## [Dataset extract]
● ● ● ● ●
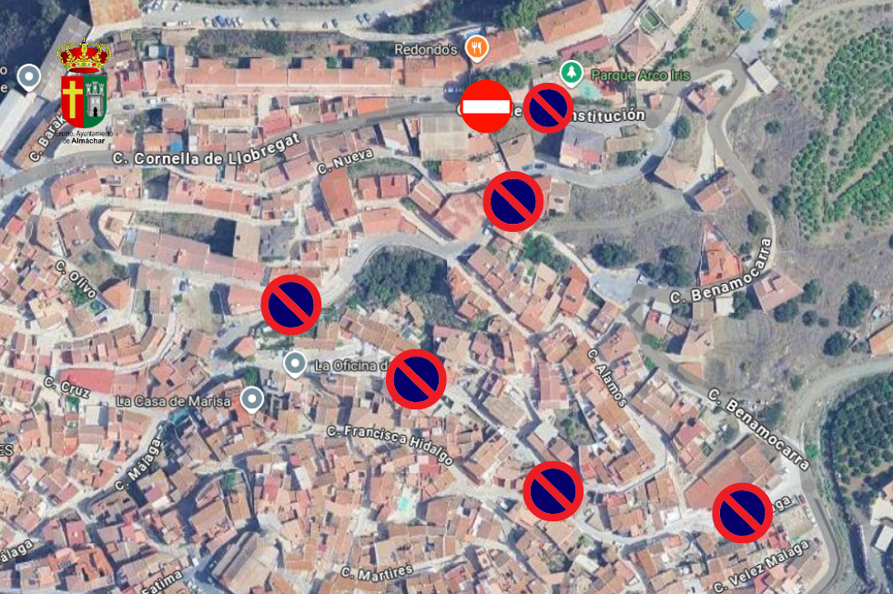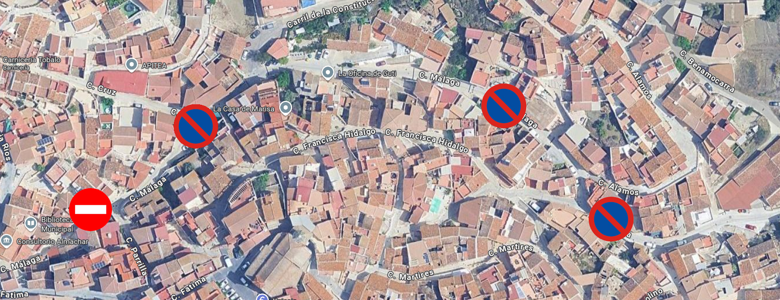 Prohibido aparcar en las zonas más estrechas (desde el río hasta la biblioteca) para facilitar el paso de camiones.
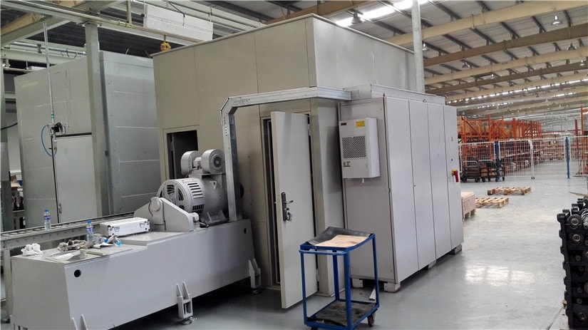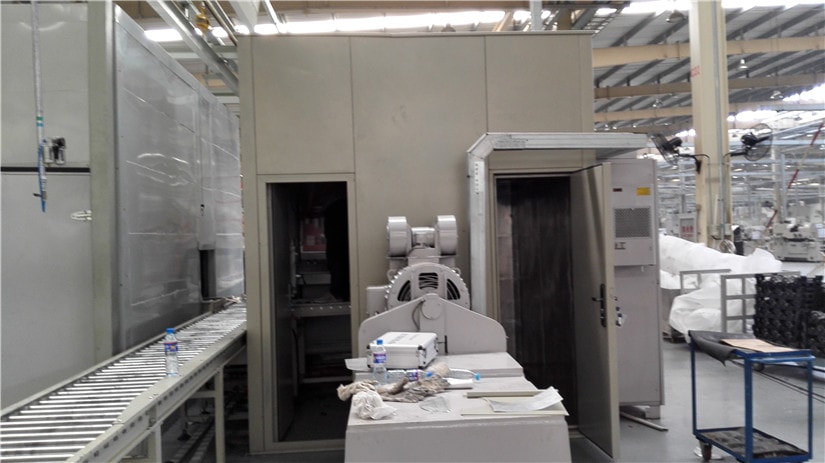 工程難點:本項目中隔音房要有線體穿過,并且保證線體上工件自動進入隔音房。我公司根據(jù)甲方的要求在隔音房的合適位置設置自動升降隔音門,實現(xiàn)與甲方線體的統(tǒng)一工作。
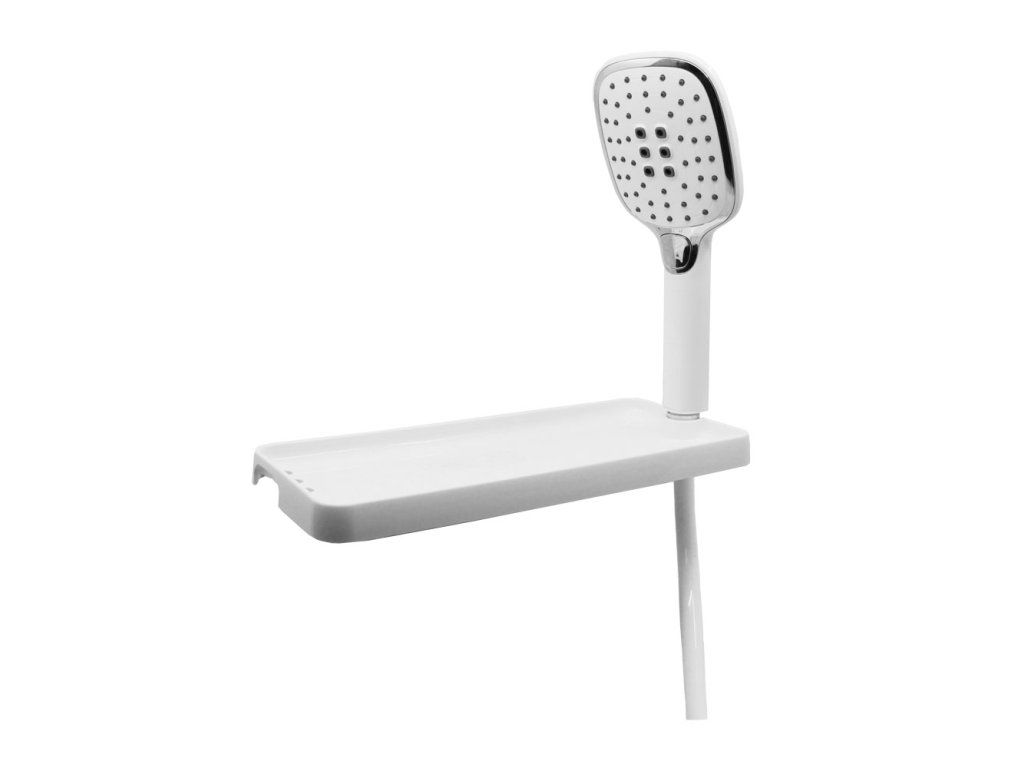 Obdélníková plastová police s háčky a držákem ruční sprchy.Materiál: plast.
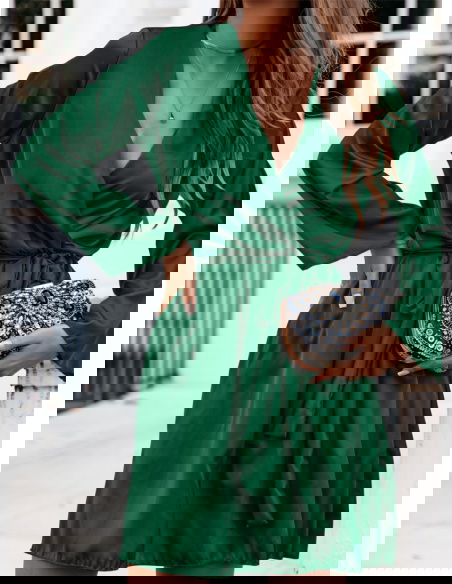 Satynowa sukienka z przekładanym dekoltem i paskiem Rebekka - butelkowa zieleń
● ● ● ● ●
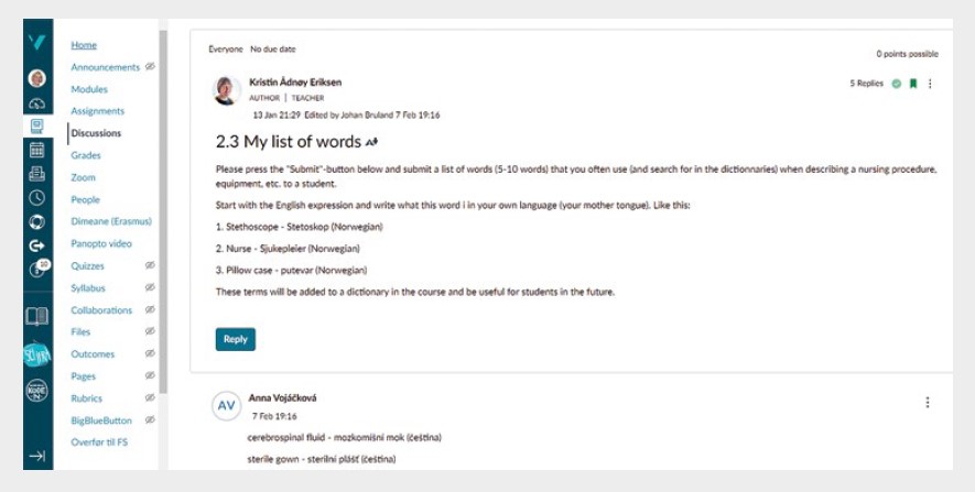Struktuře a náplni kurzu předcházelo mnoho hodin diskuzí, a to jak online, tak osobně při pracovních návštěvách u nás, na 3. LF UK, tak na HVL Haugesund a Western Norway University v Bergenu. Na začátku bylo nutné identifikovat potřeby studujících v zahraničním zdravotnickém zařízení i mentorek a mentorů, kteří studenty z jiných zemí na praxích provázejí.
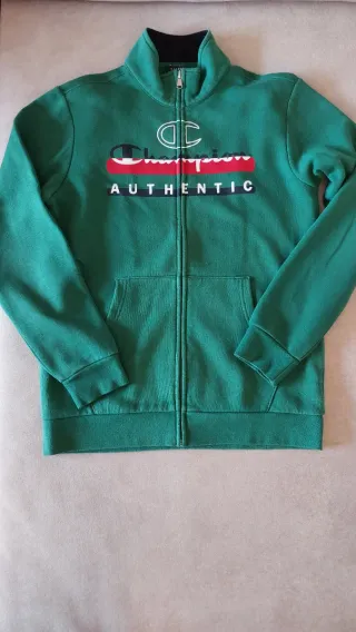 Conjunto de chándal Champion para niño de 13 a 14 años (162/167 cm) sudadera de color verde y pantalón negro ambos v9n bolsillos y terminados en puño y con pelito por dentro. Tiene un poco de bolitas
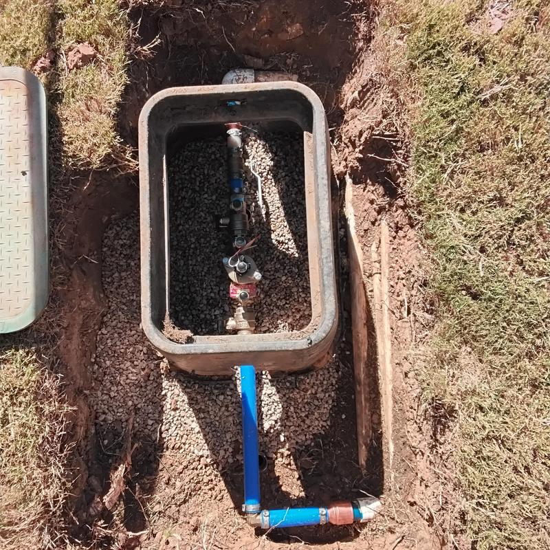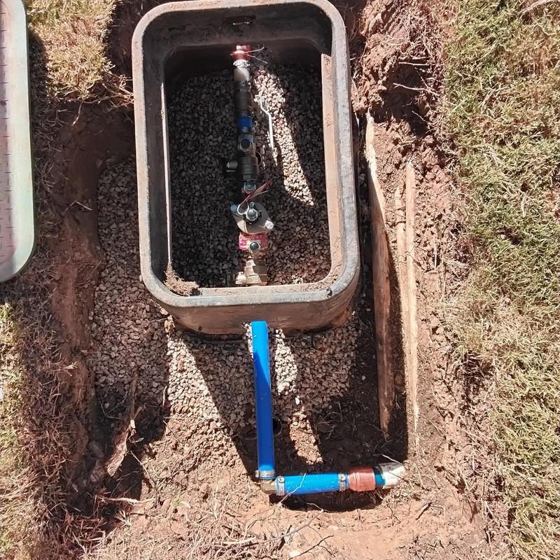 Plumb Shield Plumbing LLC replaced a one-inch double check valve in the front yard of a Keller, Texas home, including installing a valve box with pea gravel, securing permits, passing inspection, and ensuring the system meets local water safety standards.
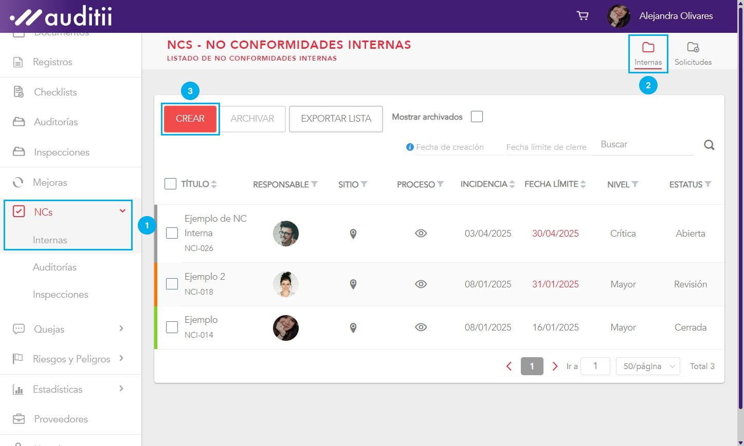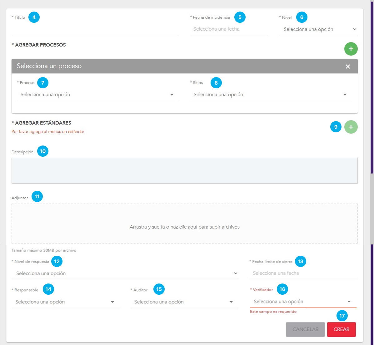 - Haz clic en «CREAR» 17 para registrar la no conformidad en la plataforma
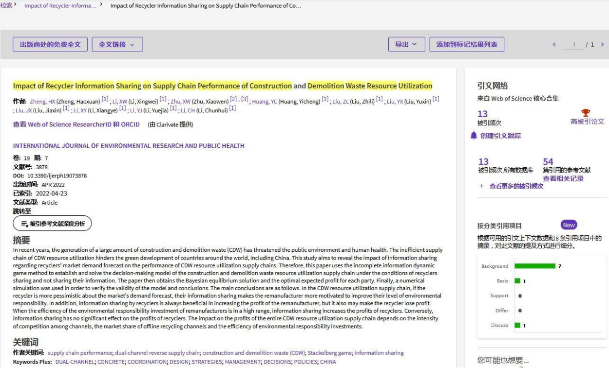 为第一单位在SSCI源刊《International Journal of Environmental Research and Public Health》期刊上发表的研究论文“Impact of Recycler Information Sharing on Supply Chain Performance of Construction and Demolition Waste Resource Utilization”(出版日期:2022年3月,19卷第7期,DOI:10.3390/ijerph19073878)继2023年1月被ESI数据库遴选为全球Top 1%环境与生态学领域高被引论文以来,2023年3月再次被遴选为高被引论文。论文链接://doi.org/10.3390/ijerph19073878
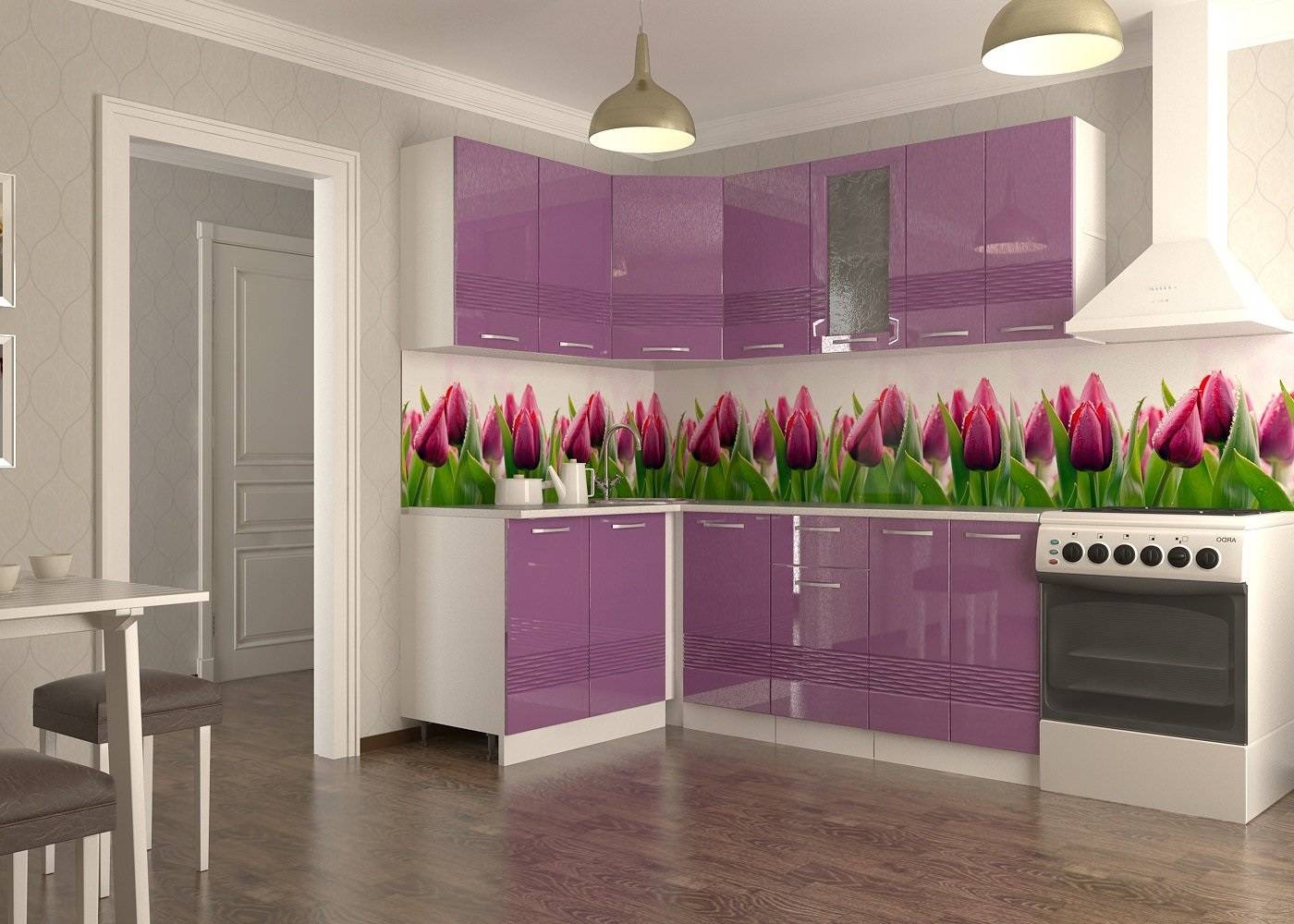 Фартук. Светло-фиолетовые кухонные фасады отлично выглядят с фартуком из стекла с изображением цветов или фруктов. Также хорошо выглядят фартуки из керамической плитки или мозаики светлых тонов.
● ● ● ● ●
## [Exercise prompt]
Starting with the line that has "Obdélníková plastová police" and ending with the line that has "Satynowa sukienka z", repeat the lines above exactly, omitting every picture.

## [Your solution]
 Obdélníková plastová police s háčky a držákem ruční sprchy.Materiál: plast.
 Satynowa sukienka z przekładanym dekoltem i paskiem Rebekka - butelkowa zieleń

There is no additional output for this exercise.